I know you’re busy,
Doing good works,
Saying thanks to our Lord,
A good heart in your chest.
Your Sunday is busy,
With church and rehearsal,
To practice your words,
You inspiring nerd,
Not hearing from you,
Leaves a hole in my chest,
Maybe I’m overbearing at my best?
The self doubt creeps in,
It’s been a painful 18 hours since you last texted me.
I’ve been trying distraction,
Resisting the urge to make contact,
Fear I have scared you off,
Despite what you’ve said.
Fighting my own inner demons at play,
Wondering why I feel so inadequate today.
I know my feelings are to be put to one side,
And my heart should rest in Gods only ride,
I’m preparing myself to let go from the short time we had,
Is this the end of us talking, end of the fun?
Feeling scared, telling myself it’s not my inadequacy.

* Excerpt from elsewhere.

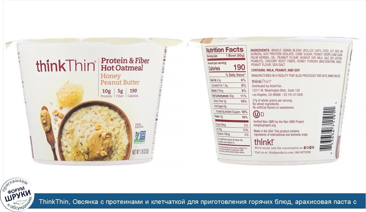 ru ThinkThin, Овсянка с протеинами и клетчаткой для приготовления горячих блюд, арахисовая паста с медом, 50г (1,76унции)

Am I being ghosted or shunned?
Who knows in the end,
My egos at play, it’s power trippin’.
For I am to humble myself to the Lord,
Keep my feet well in my own door.
Look after my house,
And my fatherless family.
For I am washed fresh in the eyes of the Lord,
Given myself back to Him once more,
So why does it matter if I’d like a man?
Why did you like me, was I just putty in your hand, or was it God’s plan to show me the ways,
No one is perfect, I’ll forgive anyway.
I’ll humble my soul, to the likes of God,
Made from the man, who is made from God,
Getting a shock as I read through the bible,
Draw dropping silence, as I learn to be quiet.
Humbling myself in the ways of a woman,
God loving, God fearing,
While singlehandedly child rearing.
But maybe your just busy,
Oh who am I to know.
Or maybe I’m ghosted,
For now, I’ll just pack away my ego.